- **Your objective**: Among the entries that follow, locate the line with "打开交通银行APP搜索【邀好" and the line with "やわらかい透け感とゆるめのシルエットが魅力のトップス。". Output those lines and all lines in between, exactly, minus the pictures.

- **The data**:

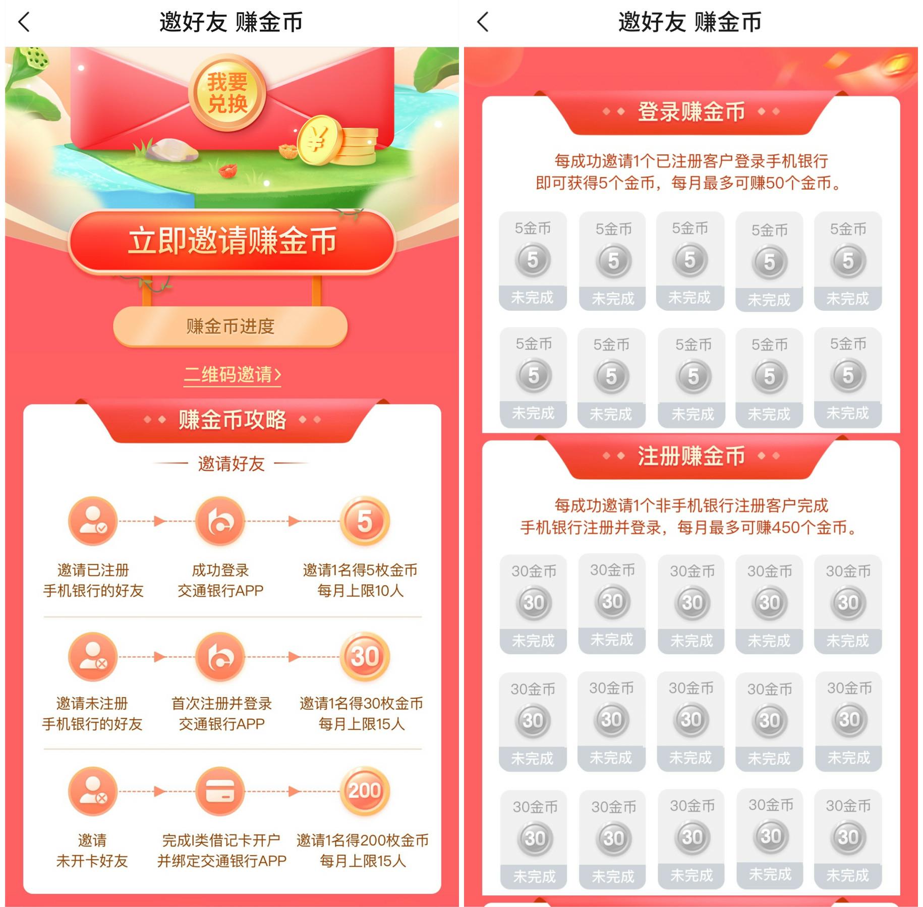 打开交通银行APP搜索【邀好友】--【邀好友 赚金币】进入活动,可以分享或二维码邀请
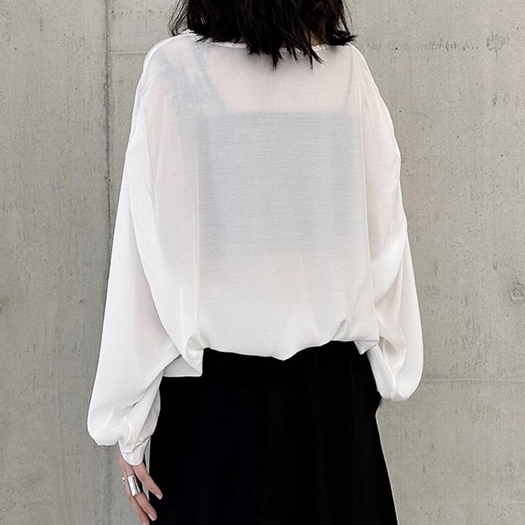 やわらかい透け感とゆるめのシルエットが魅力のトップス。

--

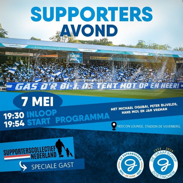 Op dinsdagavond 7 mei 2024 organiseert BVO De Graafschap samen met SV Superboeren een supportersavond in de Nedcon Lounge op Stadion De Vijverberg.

* * *

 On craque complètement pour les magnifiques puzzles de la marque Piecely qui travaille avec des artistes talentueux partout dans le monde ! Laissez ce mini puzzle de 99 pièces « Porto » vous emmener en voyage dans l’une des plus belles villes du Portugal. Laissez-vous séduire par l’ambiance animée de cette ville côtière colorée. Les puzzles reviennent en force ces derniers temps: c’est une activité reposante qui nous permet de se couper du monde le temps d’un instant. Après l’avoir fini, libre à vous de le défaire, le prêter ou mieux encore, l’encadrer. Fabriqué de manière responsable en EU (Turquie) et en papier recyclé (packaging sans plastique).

- **Exercise answer**:
 打开交通银行APP搜索【邀好友】--【邀好友 赚金币】进入活动,可以分享或二维码邀请
 やわらかい透け感とゆるめのシルエットが魅力のトップス。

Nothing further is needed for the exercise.